Chapter 1, Problem 1PS

a.

To determine

To write: a linear equation for your current monthly wage $W_1$ in terms of your monthly sales S.

Answer to Problem 1PS

Wage of salesperson is $W_1=0.07S+2000$

Explanation of Solution

Given Information:

As a salesperson, you receive a monthly salary of $2000, plus a commission of 7% of sales. You receive an offer for a new job at $2300 per month, plus a commission of 5% of sales.

Calculation:

Monthly salary = $2000 plus a commission of 7% of sales.

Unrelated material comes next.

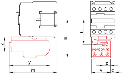 TRACON TR2HD1305 Termikus túláramvédelmi relé TR1D kontaktorokhoz 690V, 0-400Hz, 0,63-1A, 1×NC+1×NO

Total Wage is sum of monthly salary and commission.

  $\begin{array}{l}{W}_1=\frac{7}{100}S+2000\\ W_1=0.07S+2000\end{array}$

b.

To determine

To write: a linear equation for the monthly wage $W_2$ of your new job offer in terms of the monthly sales S.

Answer to Problem 1PS

Wage of salesperson from new job $W_2=0.05S+2300$

Explanation of Solution

Given Information:

As a salesperson, you receive a monthly salary of $2000, plus a commission of 7% of sales. You receive an offer for a new job at $2300 per month, plus a commission of 5% of sales. Write

Calculation:

Monthly salary for new job = $2300 plus a commission of 5% of sales.

Total Wage is sum of monthly salary and commission.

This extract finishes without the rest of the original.